» **Entries provided**
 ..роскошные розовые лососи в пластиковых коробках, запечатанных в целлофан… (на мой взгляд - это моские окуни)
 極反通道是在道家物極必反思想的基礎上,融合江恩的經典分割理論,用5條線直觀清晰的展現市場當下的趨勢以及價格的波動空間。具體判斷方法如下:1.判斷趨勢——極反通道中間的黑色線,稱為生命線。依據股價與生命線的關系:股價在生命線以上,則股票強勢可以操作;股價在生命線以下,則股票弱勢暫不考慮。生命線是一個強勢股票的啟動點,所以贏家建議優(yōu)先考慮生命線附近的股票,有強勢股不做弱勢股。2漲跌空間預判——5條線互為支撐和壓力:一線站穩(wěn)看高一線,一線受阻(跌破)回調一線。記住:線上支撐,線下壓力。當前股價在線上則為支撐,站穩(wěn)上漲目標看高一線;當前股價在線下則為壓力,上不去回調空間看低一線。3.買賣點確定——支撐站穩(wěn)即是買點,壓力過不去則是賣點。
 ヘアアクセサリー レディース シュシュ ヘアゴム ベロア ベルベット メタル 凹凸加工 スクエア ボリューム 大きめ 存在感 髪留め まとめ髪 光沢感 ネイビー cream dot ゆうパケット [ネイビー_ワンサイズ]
--
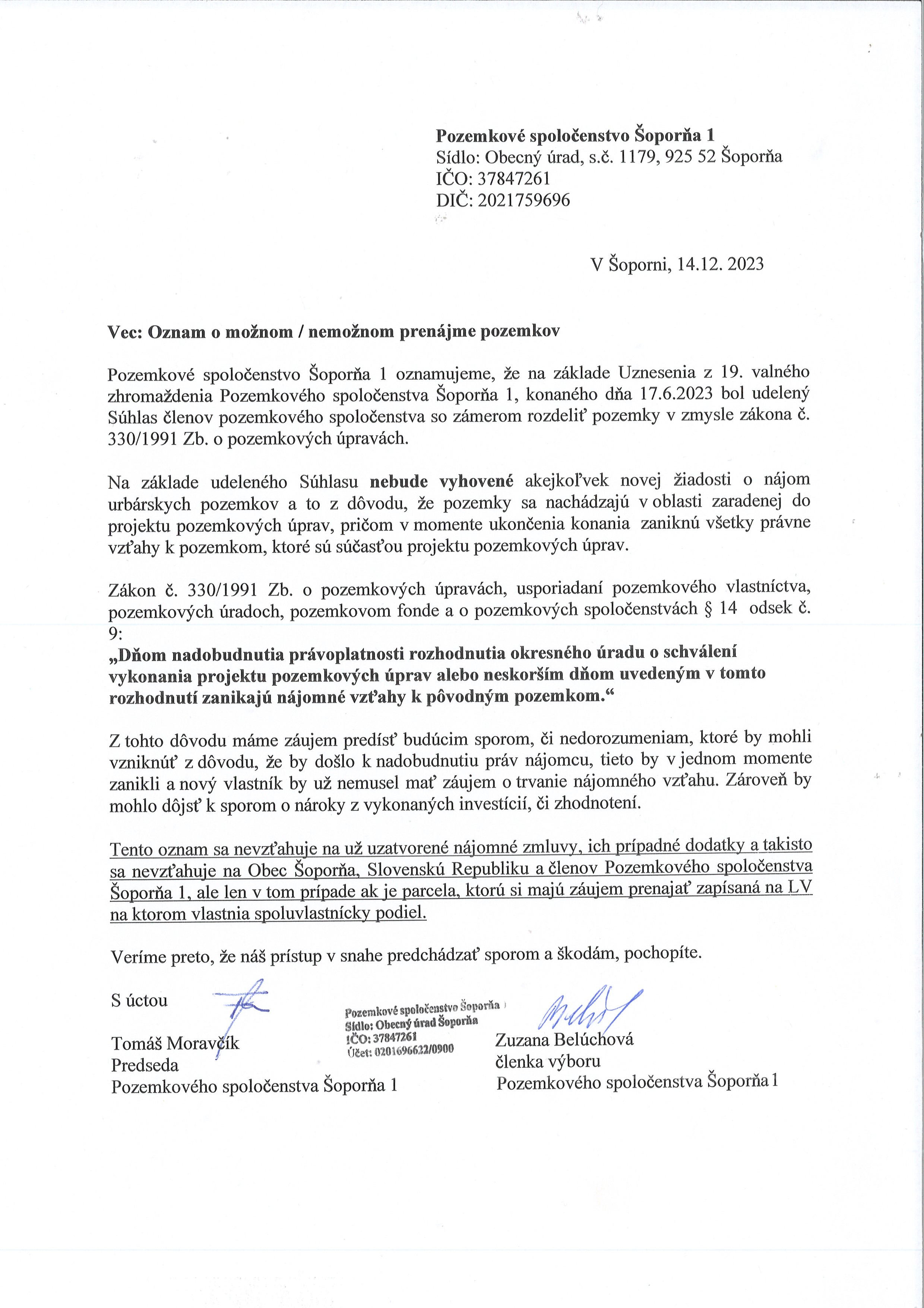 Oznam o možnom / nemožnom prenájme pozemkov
==
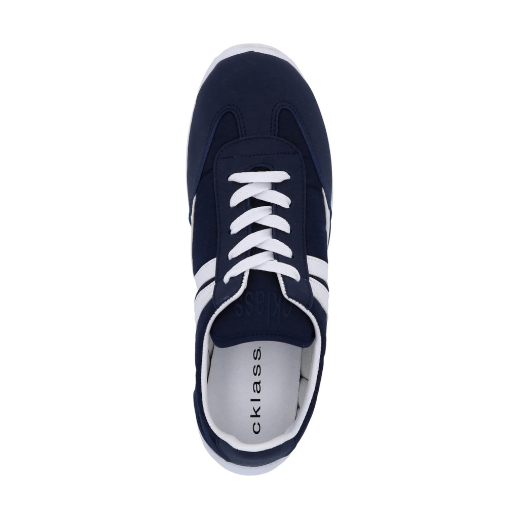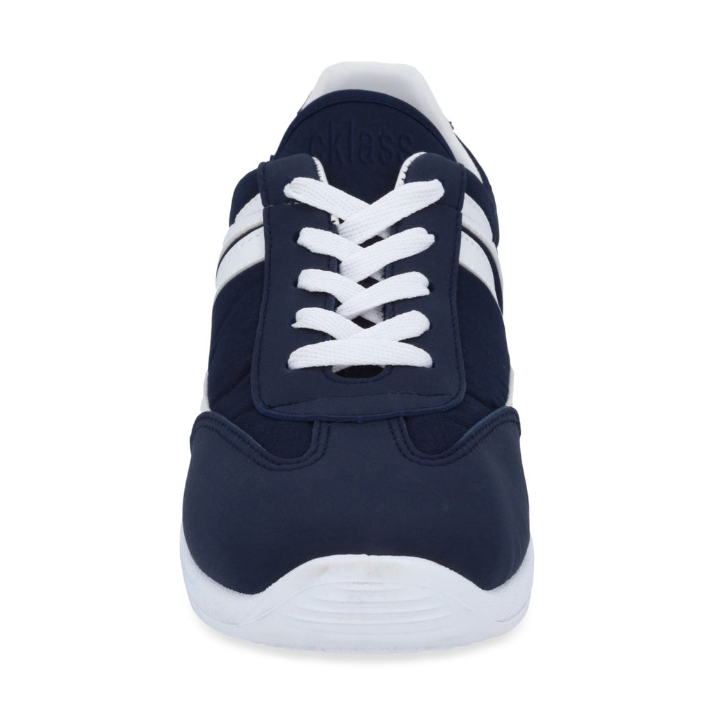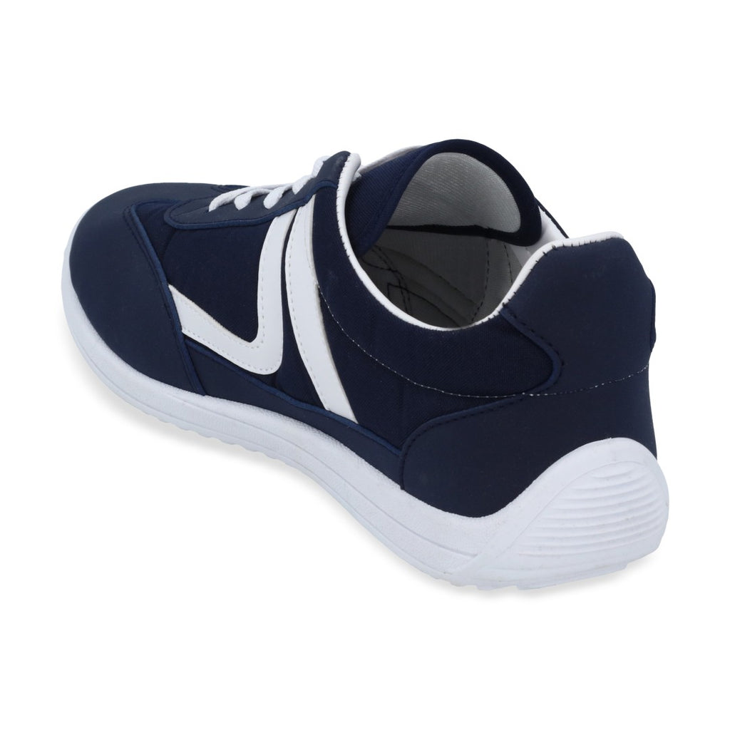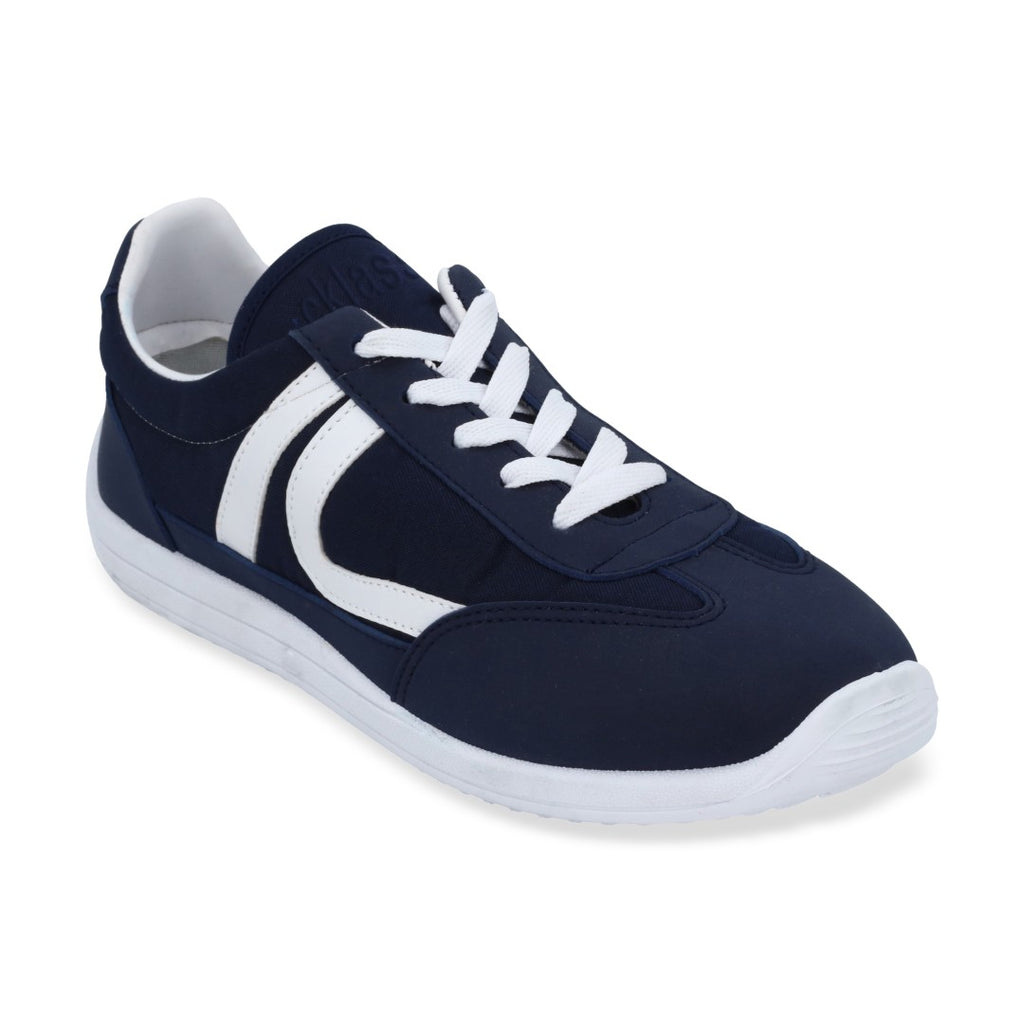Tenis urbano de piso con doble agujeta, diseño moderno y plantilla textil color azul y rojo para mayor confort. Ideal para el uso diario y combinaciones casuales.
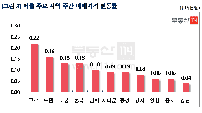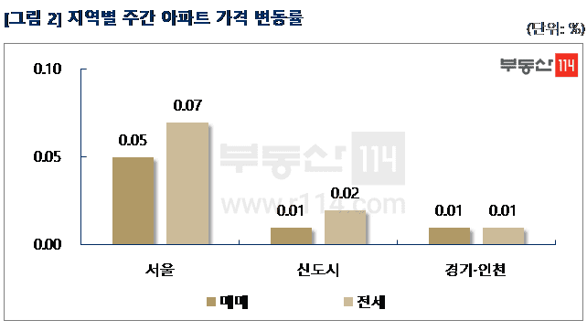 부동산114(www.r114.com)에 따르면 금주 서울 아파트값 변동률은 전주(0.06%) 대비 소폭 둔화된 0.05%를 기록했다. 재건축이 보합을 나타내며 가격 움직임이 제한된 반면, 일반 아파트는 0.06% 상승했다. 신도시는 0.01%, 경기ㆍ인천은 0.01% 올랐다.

» **What the task asks**
Out of the data above, set down the lines from the one with "это моские окуни)" to the one with "ヘアアクセサリー レディース シュシュ", both included, exactly as written and with no additions.

» **Exercise answer**
 ..роскошные розовые лососи в пластиковых коробках, запечатанных в целлофан… (на мой взгляд - это моские окуни)
 極反通道是在道家物極必反思想的基礎上,融合江恩的經典分割理論,用5條線直觀清晰的展現市場當下的趨勢以及價格的波動空間。具體判斷方法如下:1.判斷趨勢——極反通道中間的黑色線,稱為生命線。依據股價與生命線的關系:股價在生命線以上,則股票強勢可以操作;股價在生命線以下,則股票弱勢暫不考慮。生命線是一個強勢股票的啟動點,所以贏家建議優(yōu)先考慮生命線附近的股票,有強勢股不做弱勢股。2漲跌空間預判——5條線互為支撐和壓力:一線站穩(wěn)看高一線,一線受阻(跌破)回調一線。記住:線上支撐,線下壓力。當前股價在線上則為支撐,站穩(wěn)上漲目標看高一線;當前股價在線下則為壓力,上不去回調空間看低一線。3.買賣點確定——支撐站穩(wěn)即是買點,壓力過不去則是賣點。
 ヘアアクセサリー レディース シュシュ ヘアゴム ベロア ベルベット メタル 凹凸加工 スクエア ボリューム 大きめ 存在感 髪留め まとめ髪 光沢感 ネイビー cream dot ゆうパケット [ネイビー_ワンサイズ]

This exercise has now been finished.